Rate of Change Problem: Finding Derivative of Temperature Function T(t)

[Incog]

Homework Statement

Suppose that t hours after a piece of food is put in the fridge its temperature (in Celsius) is

T(t) = 15 - 3t + $$\frac{4}{t - 1}$$

where 0 $$\leq$$ t $$\leq$$ 5.

Find the rate of change of temperature after one hour.

The Attempt at a Solution

Since it's asking for rate of change, I'm guessing I have to find the derivative of the equation with respect to t.


T(t) = 15 - 3t + $$\frac{4}{t - 1}$$

T`(t) = 0 - 3 + $$\frac{0(t - 1) - 1(4)}{(t-1)^{2}}$$ (Quotient Rule)

T`(t) = -3 + $$\frac{0 - 4}{(t-1)^{2}}$$

T`(t) = -3 + $$\frac{-4}{(t-1)^{2}}$$

T`(t) = -3 - $$\frac{4}{(t-1)^{2}}$$


Would I just plug in 1 after this?

 

[HallsofIvy]

Homework Statement

Suppose that t hours after a piece of food is put in the fridge its temperature (in Celsius) is

T(t) = 15 - 3t + $$\frac{4}{t - 1}$$

where 0 $$\leq$$ t $$\leq$$ 5.

Find the rate of change of temperature after one hour.

The Attempt at a Solution

Since it's asking for rate of change, I'm guessing I have to find the derivative of the equation with respect to t.

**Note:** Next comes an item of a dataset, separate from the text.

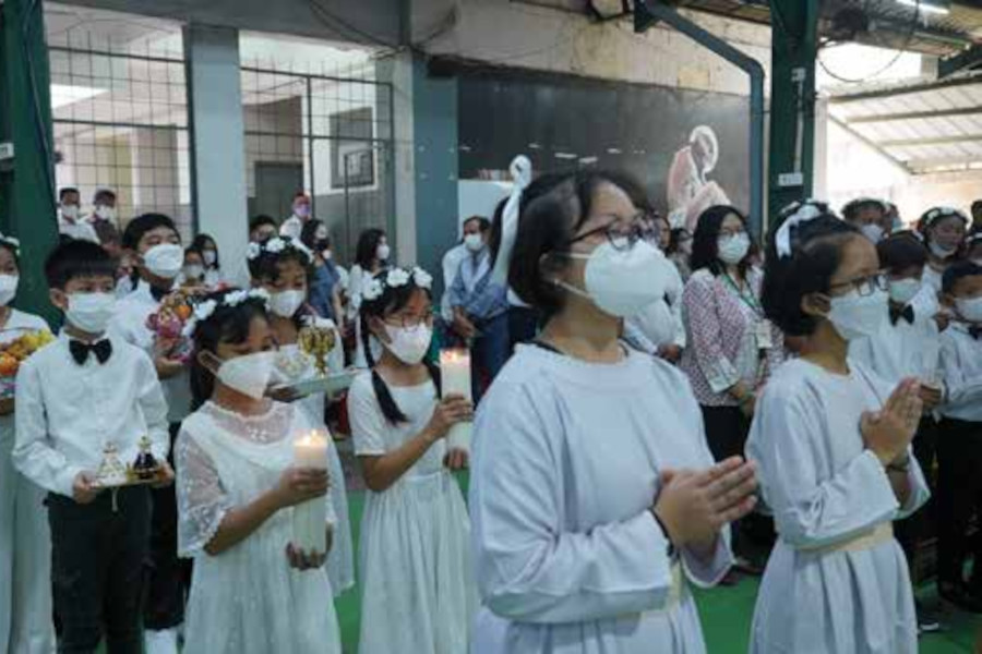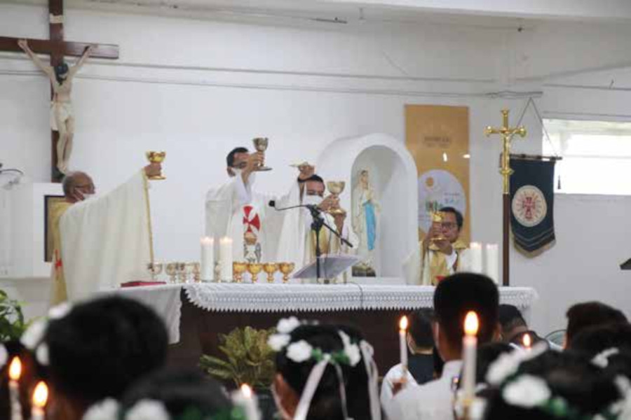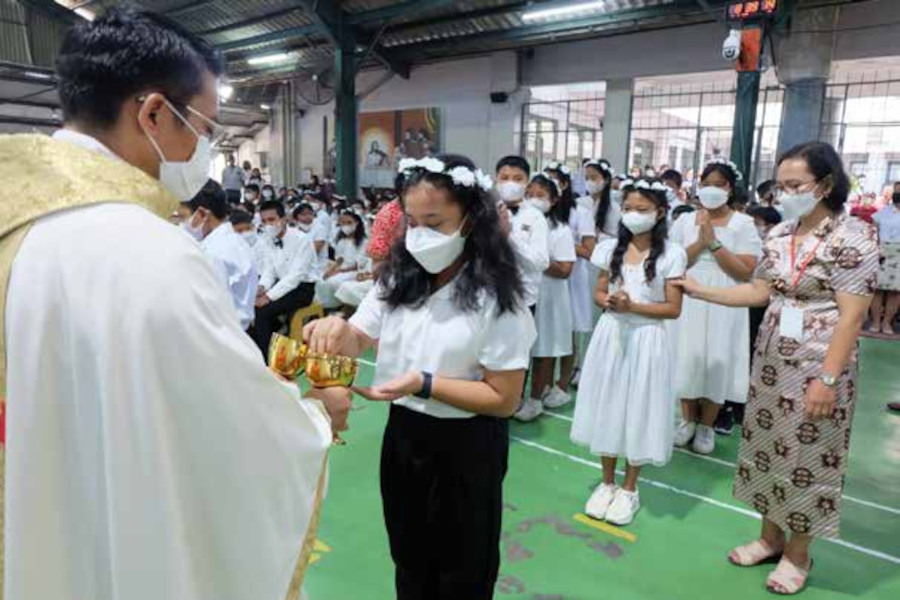 Minggu, 11 Juni 2023 merupakan hari yang penuh kebahagiaan bagi anakanak calon penerima Komuni Pertama di Paroki Cikarang. Setelah melalui proses pembinaan yang cukup panjang, akhirnya bertepatan dengan Hari Raya Tubuh dan Darah Kristus, untuk pertama kali anak-anak bisa menyambut Tubuh dan Darah Kristus dalam Sakramen Ekaristi.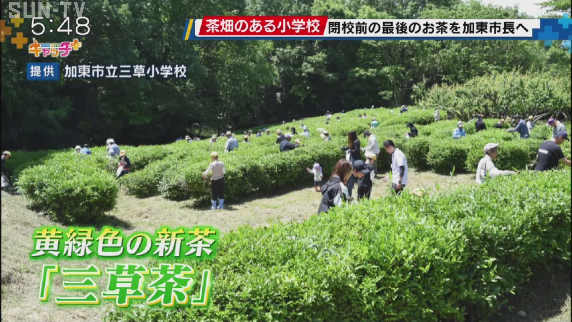 三草小学校には50年以上前から茶畑があり、毎年、児童らが大切に育てていて、鮮やかな黄緑色の新茶は「三草茶」の名前で地域に親しまれてきました。

Don't guess! The derivative of a function is its rate of change!

T(t) = 15 - 3t + $$\frac{4}{t - 1}$$

T`(t) = 0 - 3 + $$\frac{0(t - 1) - 1(4)}{(t-1)^{2}}$$ (Quotient Rule)

T`(t) = -3 + $$\frac{0 - 4}{(t-1)^{2}}$$

T`(t) = -3 + $$\frac{-4}{(t-1)^{2}}$$

T`(t) = -3 - $$\frac{4}{(t-1)^{2}}$$


Would I just plug in 1 after this?

That's what you would like to do- but this function has serious problem at t= 1. Do you remember that, in order to have a derivative at a point, the function must be continuous there? Are you sure you have copied the problem correctly? That's a very strange temperature function! Isn't it peculiar that the temperature of the food goes up when it is put in the refridgerator?

 

[Incog]

Yes, I checked and checked again and that is the equation.

What if I were to plug in a value slightly greater than 1? Would that give me the rate of change after one hour?

 

[HallsofIvy]

Well, I just don't know what to say about a refrigerator where the temperature goes to infinity in one hour!